EXERCISE GOAL:
Below are some records; quote exactly the lines from the one that contains "짓고 있다. ·연합뉴스" through the one that contains "৪> এবার ছবির", inclusive, and no others.

DATA EXCERPTS:
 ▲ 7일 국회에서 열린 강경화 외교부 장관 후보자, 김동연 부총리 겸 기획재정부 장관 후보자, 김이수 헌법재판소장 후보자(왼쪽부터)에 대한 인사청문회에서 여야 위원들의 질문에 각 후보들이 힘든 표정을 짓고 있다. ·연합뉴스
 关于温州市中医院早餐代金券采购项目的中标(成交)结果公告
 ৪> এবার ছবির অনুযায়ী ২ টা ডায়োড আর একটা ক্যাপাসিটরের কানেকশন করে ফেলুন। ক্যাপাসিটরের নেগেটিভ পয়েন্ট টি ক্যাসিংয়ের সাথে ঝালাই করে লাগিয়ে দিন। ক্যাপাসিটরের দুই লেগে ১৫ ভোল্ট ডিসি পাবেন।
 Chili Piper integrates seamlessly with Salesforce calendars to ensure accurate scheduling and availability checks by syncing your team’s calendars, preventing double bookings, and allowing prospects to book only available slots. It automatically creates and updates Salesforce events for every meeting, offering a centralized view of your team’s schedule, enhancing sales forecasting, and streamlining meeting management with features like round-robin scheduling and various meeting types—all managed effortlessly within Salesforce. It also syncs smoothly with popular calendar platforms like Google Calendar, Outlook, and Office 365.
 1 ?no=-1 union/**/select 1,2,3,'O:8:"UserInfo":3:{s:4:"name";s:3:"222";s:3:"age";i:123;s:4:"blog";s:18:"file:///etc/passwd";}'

---

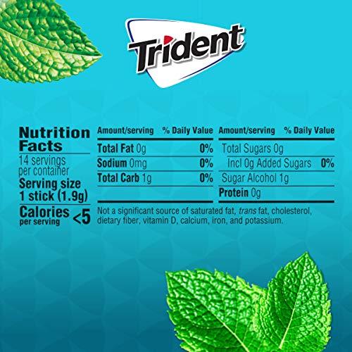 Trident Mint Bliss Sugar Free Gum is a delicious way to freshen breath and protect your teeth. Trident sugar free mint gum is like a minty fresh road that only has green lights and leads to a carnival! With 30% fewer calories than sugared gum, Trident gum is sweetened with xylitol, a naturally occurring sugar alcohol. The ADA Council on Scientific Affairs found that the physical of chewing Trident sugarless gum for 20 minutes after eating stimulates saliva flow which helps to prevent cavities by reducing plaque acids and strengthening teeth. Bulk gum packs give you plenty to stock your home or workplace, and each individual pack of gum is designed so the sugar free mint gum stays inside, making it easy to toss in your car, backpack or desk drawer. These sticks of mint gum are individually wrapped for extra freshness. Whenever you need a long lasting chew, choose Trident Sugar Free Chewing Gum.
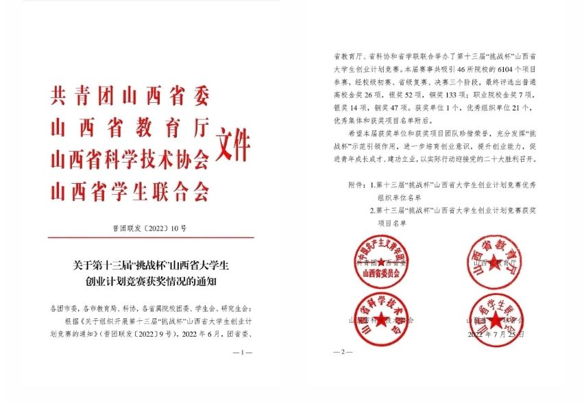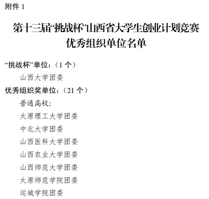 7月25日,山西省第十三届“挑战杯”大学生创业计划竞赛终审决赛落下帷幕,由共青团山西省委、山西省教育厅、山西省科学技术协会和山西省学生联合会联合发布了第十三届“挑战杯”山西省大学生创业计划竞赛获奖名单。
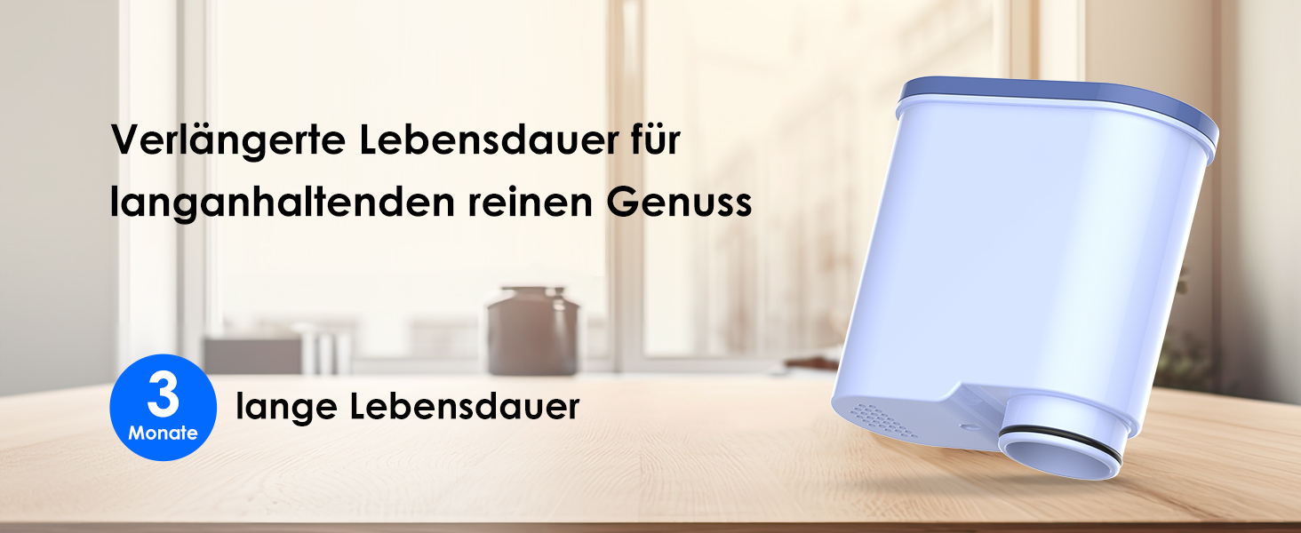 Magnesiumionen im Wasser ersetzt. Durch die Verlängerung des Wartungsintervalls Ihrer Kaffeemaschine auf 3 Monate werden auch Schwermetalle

TASK OUTPUT:
 ▲ 7일 국회에서 열린 강경화 외교부 장관 후보자, 김동연 부총리 겸 기획재정부 장관 후보자, 김이수 헌법재판소장 후보자(왼쪽부터)에 대한 인사청문회에서 여야 위원들의 질문에 각 후보들이 힘든 표정을 짓고 있다. ·연합뉴스
 关于温州市中医院早餐代金券采购项目的中标(成交)结果公告
 ৪> এবার ছবির অনুযায়ী ২ টা ডায়োড আর একটা ক্যাপাসিটরের কানেকশন করে ফেলুন। ক্যাপাসিটরের নেগেটিভ পয়েন্ট টি ক্যাসিংয়ের সাথে ঝালাই করে লাগিয়ে দিন। ক্যাপাসিটরের দুই লেগে ১৫ ভোল্ট ডিসি পাবেন।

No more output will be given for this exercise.